*** Block opens ***
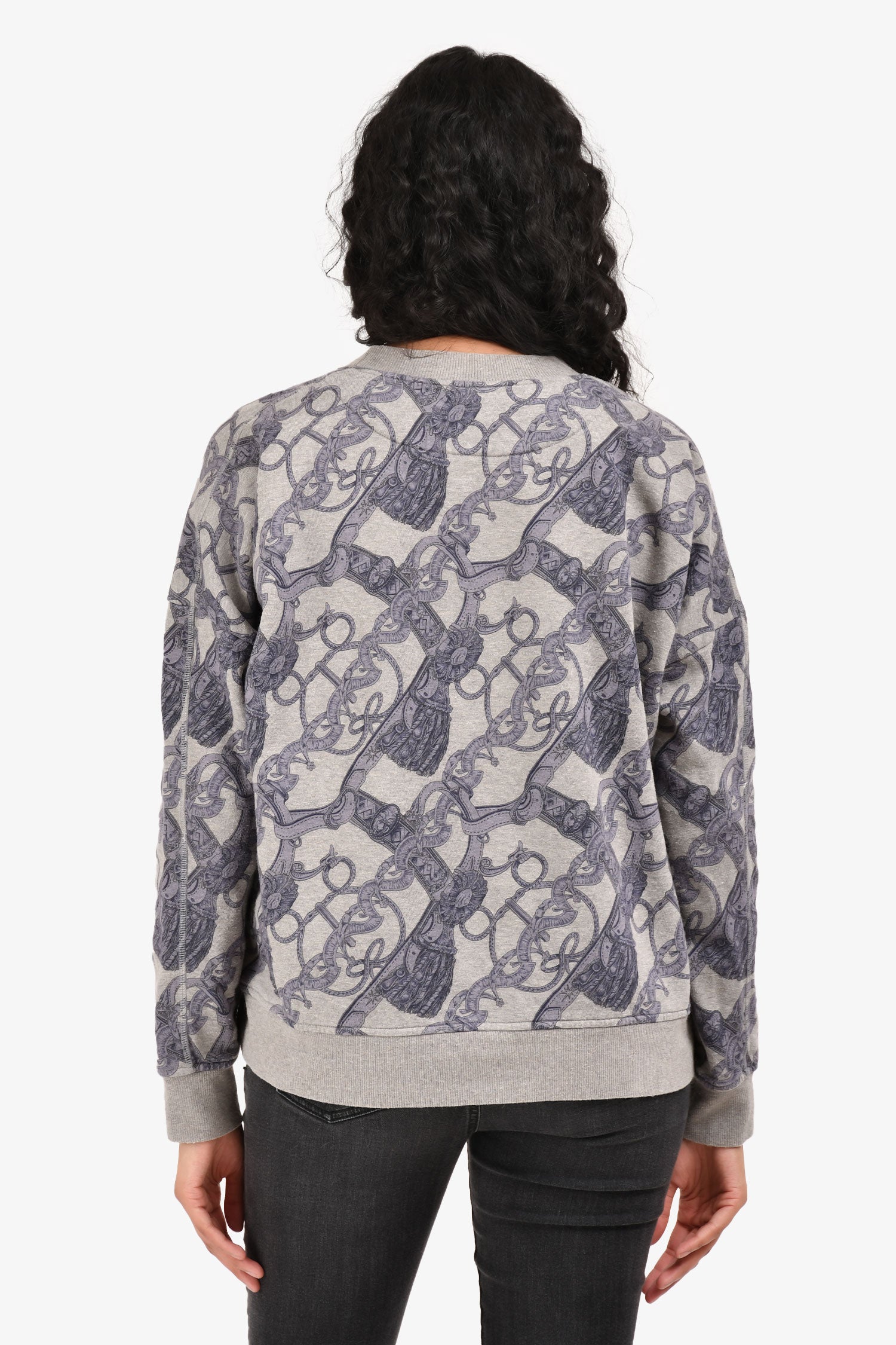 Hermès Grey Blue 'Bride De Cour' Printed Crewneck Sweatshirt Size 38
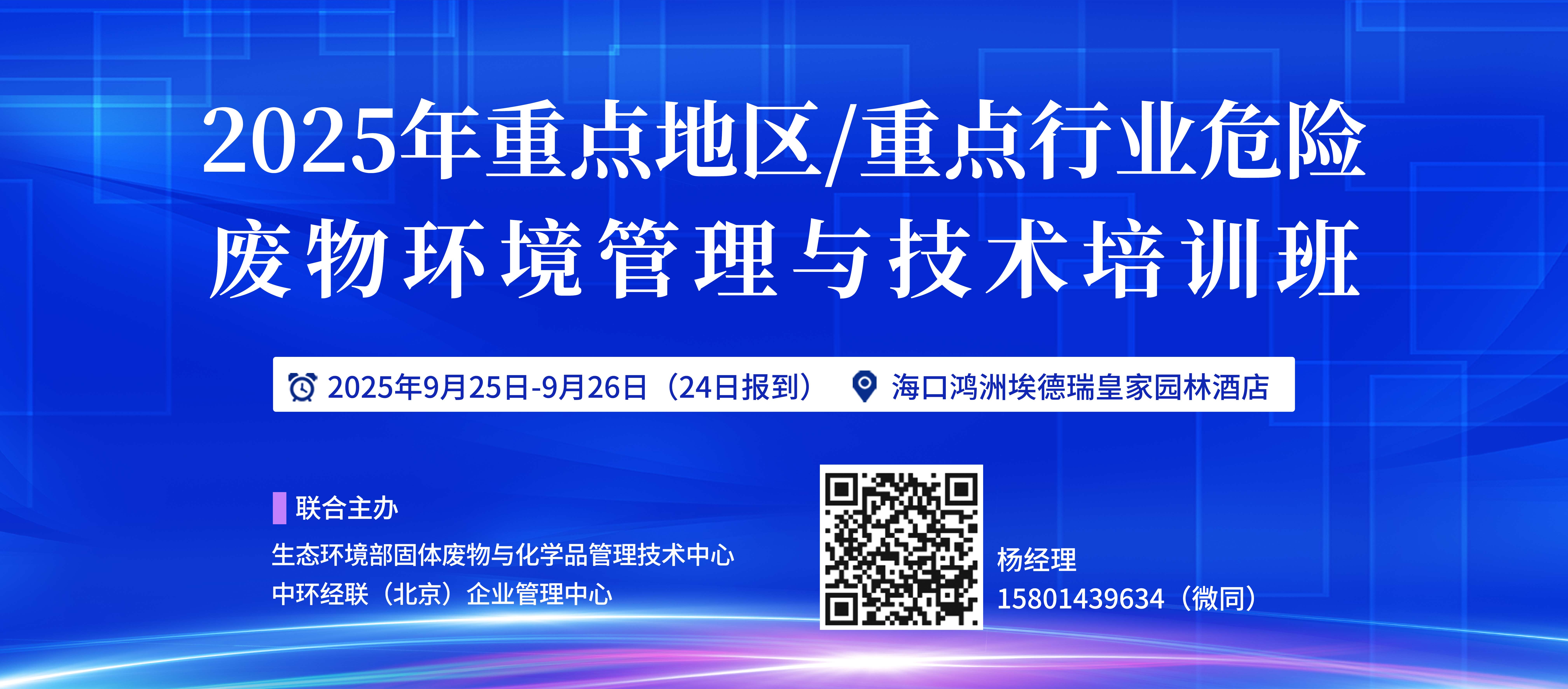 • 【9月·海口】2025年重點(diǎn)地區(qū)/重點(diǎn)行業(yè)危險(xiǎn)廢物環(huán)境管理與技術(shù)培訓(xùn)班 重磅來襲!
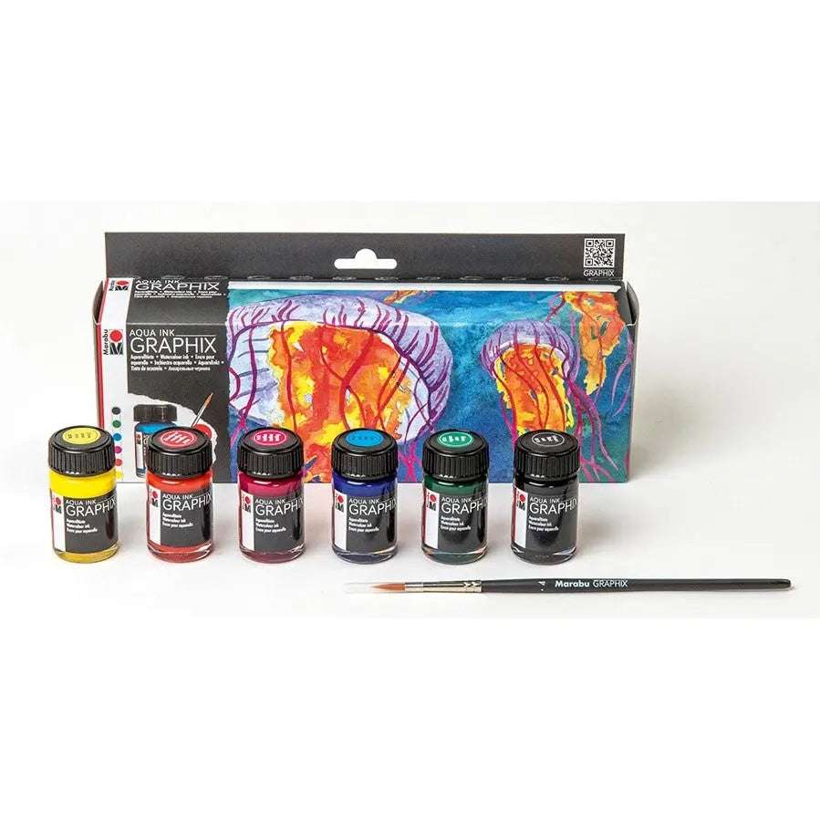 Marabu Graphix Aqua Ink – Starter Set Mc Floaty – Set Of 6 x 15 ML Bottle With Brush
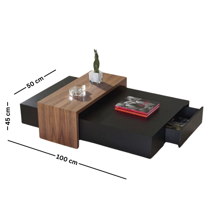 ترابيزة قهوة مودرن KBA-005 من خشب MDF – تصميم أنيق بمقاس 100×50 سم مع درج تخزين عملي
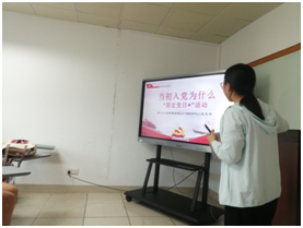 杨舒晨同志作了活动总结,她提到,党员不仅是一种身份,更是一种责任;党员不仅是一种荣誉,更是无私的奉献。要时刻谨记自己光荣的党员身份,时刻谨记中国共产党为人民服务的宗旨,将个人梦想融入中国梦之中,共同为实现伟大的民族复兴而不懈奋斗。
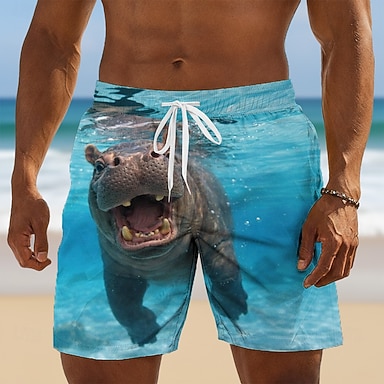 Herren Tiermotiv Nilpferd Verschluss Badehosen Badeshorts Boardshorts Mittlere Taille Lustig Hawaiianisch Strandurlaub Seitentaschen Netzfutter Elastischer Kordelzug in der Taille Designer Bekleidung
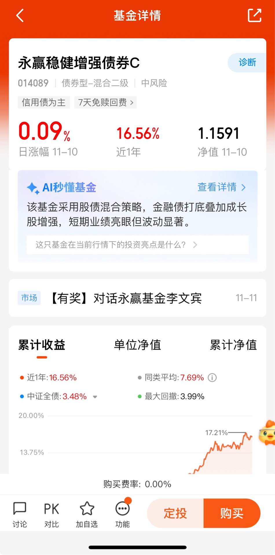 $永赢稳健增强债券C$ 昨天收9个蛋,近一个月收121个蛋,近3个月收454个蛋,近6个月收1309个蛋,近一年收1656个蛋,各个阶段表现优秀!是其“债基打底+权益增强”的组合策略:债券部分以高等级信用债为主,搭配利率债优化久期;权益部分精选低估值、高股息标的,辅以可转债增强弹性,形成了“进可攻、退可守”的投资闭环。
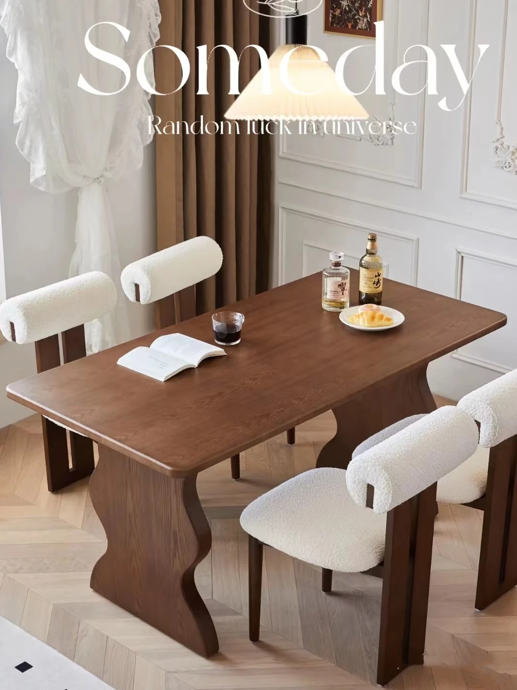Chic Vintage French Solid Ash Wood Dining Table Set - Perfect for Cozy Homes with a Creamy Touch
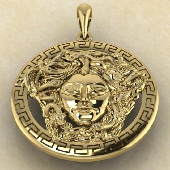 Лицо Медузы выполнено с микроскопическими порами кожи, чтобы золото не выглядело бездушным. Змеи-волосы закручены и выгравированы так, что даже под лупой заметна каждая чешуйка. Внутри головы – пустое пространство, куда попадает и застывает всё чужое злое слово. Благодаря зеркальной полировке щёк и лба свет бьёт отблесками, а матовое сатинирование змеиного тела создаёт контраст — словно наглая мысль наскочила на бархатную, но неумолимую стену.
*** Block closes ***
• **AIM OF THE TASK**: In the listing above, find the line with "ترابيزة قهوة مودرن" and the line with "Herren Tiermotiv Nilpferd". Copy exactly those two and every line between, without the pictures.

• **RESPONSE**:
 ترابيزة قهوة مودرن KBA-005 من خشب MDF – تصميم أنيق بمقاس 100×50 سم مع درج تخزين عملي
 杨舒晨同志作了活动总结,她提到,党员不仅是一种身份,更是一种责任;党员不仅是一种荣誉,更是无私的奉献。要时刻谨记自己光荣的党员身份,时刻谨记中国共产党为人民服务的宗旨,将个人梦想融入中国梦之中,共同为实现伟大的民族复兴而不懈奋斗。
 Herren Tiermotiv Nilpferd Verschluss Badehosen Badeshorts Boardshorts Mittlere Taille Lustig Hawaiianisch Strandurlaub Seitentaschen Netzfutter Elastischer Kordelzug in der Taille Designer Bekleidung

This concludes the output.